Dans notre quartier en perpétuel mouvement, chaque arrivée, chaque départ constituait un événement de la plus haute importance. Selon son statut, la famille qui emménageait, qui déménageait, devenait le sujet de conversation favori, sinon unique, pendant des jours et même des semaines. D’où venaient-ils ? Qui connaissait leur famille ? On remontait jusqu’à la septième génération s’il le fallait pour dénicher une tare ou, au contraire, exagérer une vertu. Pour pouvoir les dénigrer, on mettait à nu leur pauvre patrimoine.

- Le père était buveur, je l’ai très bien connu, insinuait une mauvaise langue.

-Son oncle, coureur de jupons !

- Sa tante, légère !

-Le frère, boiteux ! renchérissaient les autres.

- Sa mère était la cousine par alliance du frère du mari de ma tante ! ajoutait d’une voix douce, une innocente.

Il fallait réduire ces pauvres gens de façon à les démystifier, et leur indiquer par une attitude supérieure et condescendante l’honneur insigne qui leur était accordé de pouvoir frayer en notre compagnie dans ce quartier particulier. Franc-maçonnerie, club privé, nous étions en effet tout cela, préservant jalousement les us et coutumes de notre rue. Nous voulions, inconsciemment peut-être, garder le rythme et les prérogatives uniques qui régissaient nos vies.
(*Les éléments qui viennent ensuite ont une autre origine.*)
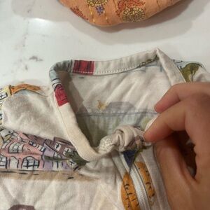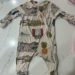 Romper- great condition, orange set- great condition with some fading on top (not noticeable- picture of top with bottoms shows the fading), bamboo pajamas Charleston print. Red peony romper NWOT. All size 3-6 months.
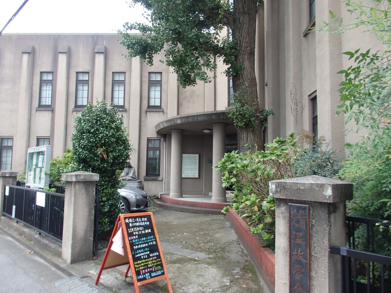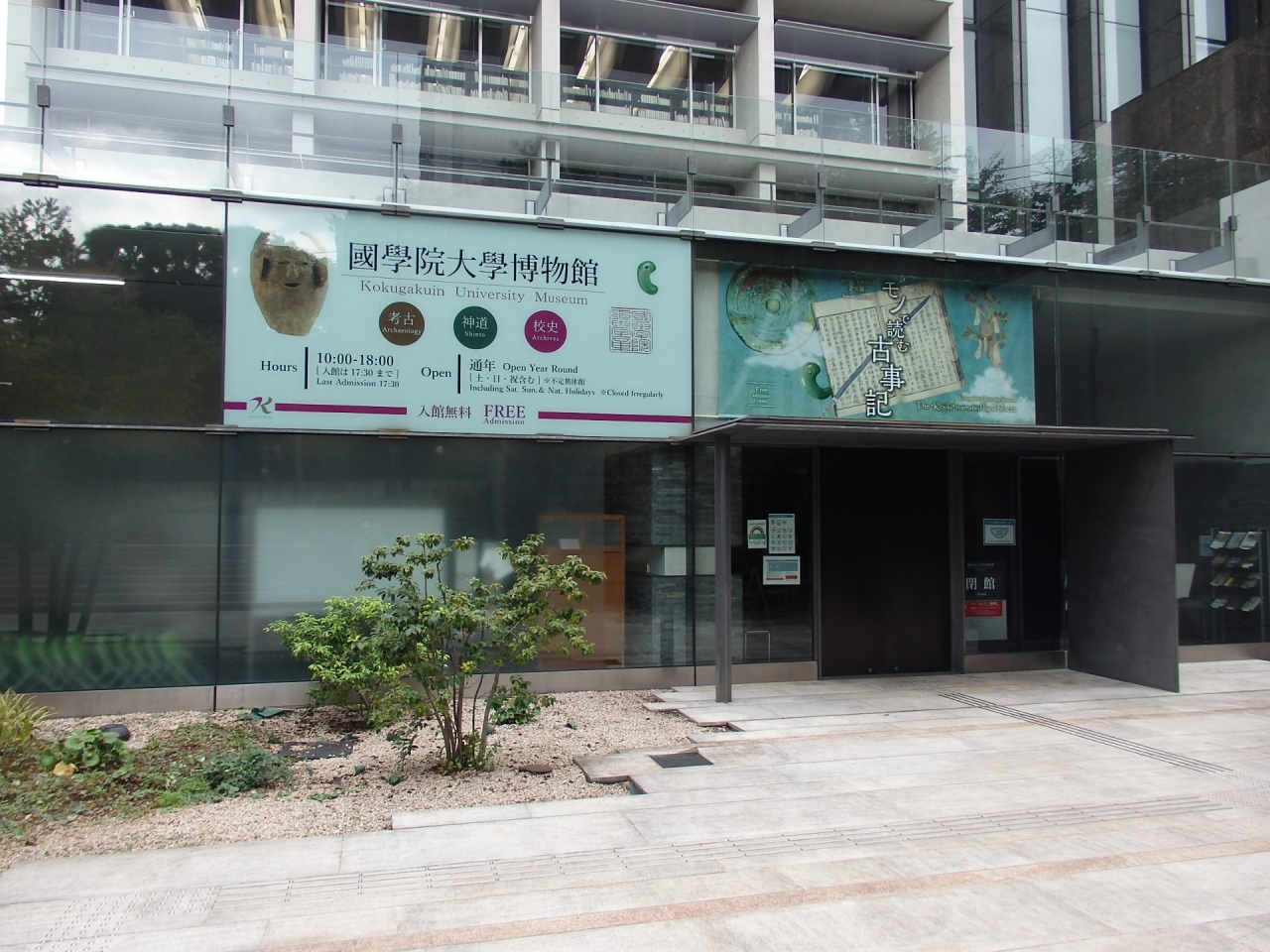 国学院大学キャンパスの中にあり、考古資料、神道資料、学校史(国学院大学と縁が深い有栖川宮家の肖像、印籠、勲章等)が常設展示、ほかに特別展・企画展が実施されています。見学するために寄りましたが、残念ながら火曜日は休館日でした。通常展示館の休館日は月曜日が多いのですが、ここは火曜日でした。近いのでまた訪れたいと思います。博物館前に古墳時代の石棺が置かれていました。鹿島川中流域にある大篠塚古墳2号古墳は古墳時代後期の前方後円墳で、ここから出土した石棺です。石棺に使われている石は秩父で掘れる緑泥片岩という石で、時々見かける板碑に使用されている石です。緑泥片岩は古墳時代から使われていたとは驚きました
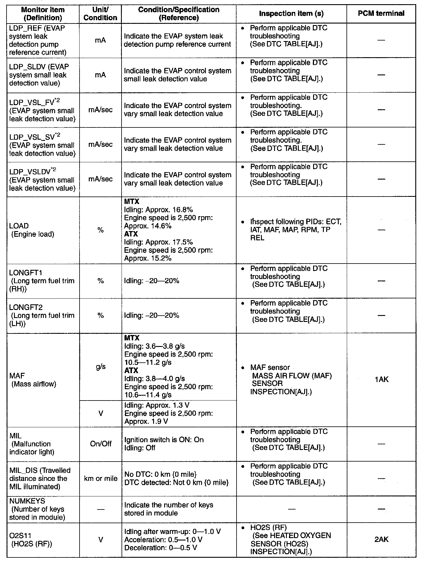 PID/Data Monitor Table(Reference) (Part 2):
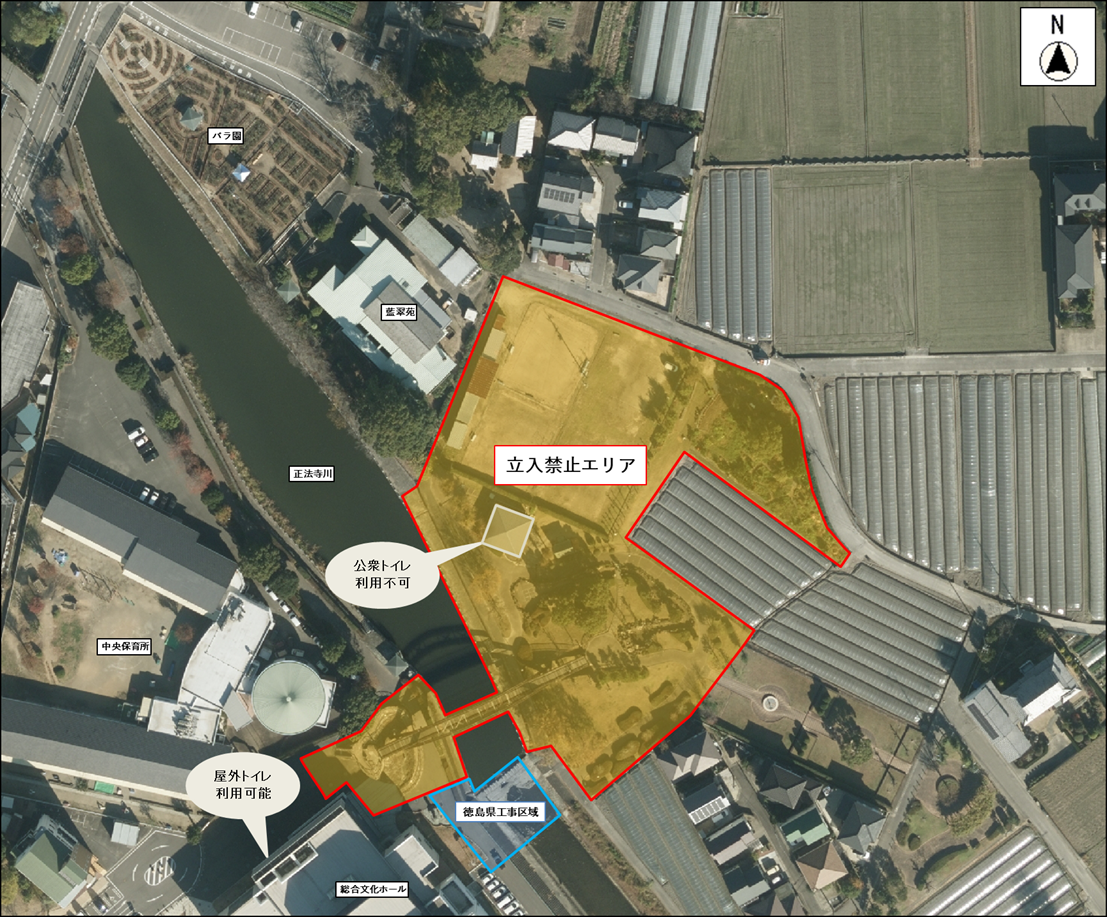 ※この区域内の公衆トイレについてもご利用になれません。総合文化ホールの屋外トイレをご利用ください。
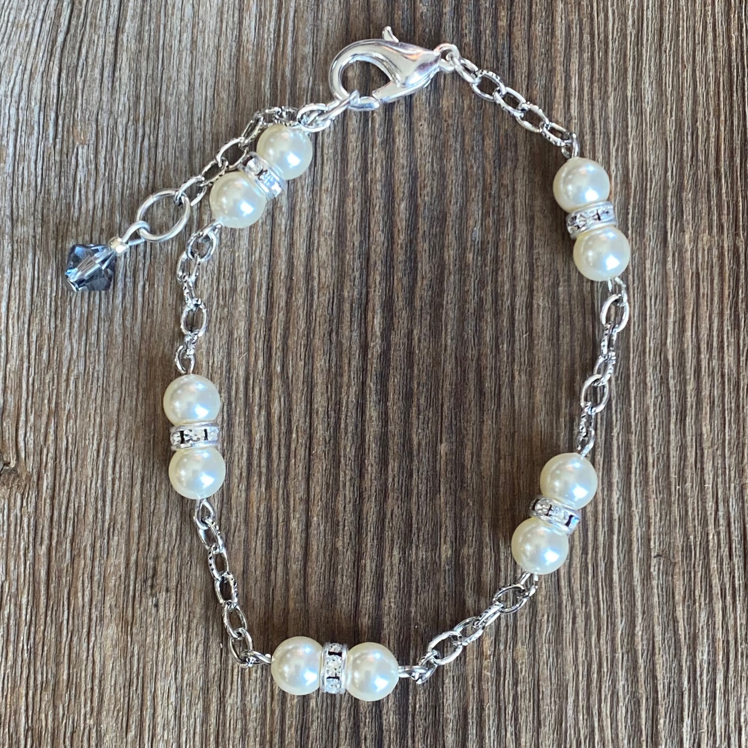Silver chain features glossy pearls and sparkling crystal rondells. Lobster clasp. 7 inches long extending to 8 1/4 inches. Find companion pieces in our Pearl on Ice Collection.
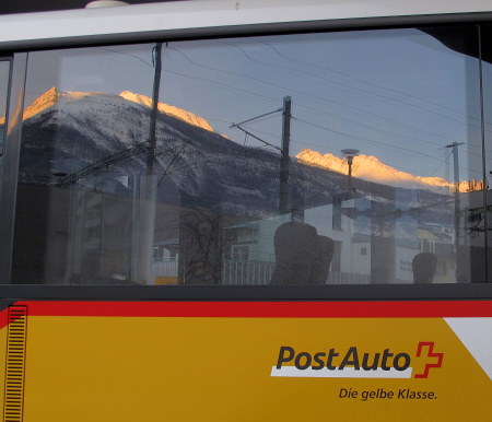 06.02.2014: Schon in Visp hat das Postauto den Sonnenaufgang eingefangen. | |

Eux sortaient de leur ghetto, aspirant à un meilleur statut, changeant leur adresse au Mellah contre celles plus huppées des arrondissements français : rue Voltaire, rue Jean-Jacques Rousseau, boulevard d’Anfa, rue Lacépède, rue Lusitania, place de Verdun, boulevard de Paris, boulevard de Marseille, boulevard de Bordeaux, place de France. Rues magiques, rues animées, ensoleillées et fleuries. Bougainvilliers accrochés aux portails en fer forgé, gueules de loup, papillons blancs flottants, légers, dans l’air clair.

Petit à petit cependant, ils s’intégraient. Notre rue, carrefour vivant, les absorbait, puis les digérait comme un énorme boa constrictor, en attendant d’autres départs, d’autres arrivées, souvent l’un déplaçant l’autre au profit de l’actualité. De même, les enfants intimidés au début, le regard méfiant des pauvres envers, le croyaient-ils, les plus nantis, finissaient par rentrer dans nos jeux, partageant nos rires et nos courses folles entre les bicyclettes et les rares voitures qui passaient par chez nous. Jeux de billes ou de noyaux d’abricots, saute-mouton ou kiné, sorte de base-ball des pauvres que nous pratiquions avec deux bouts de bois et une pierre.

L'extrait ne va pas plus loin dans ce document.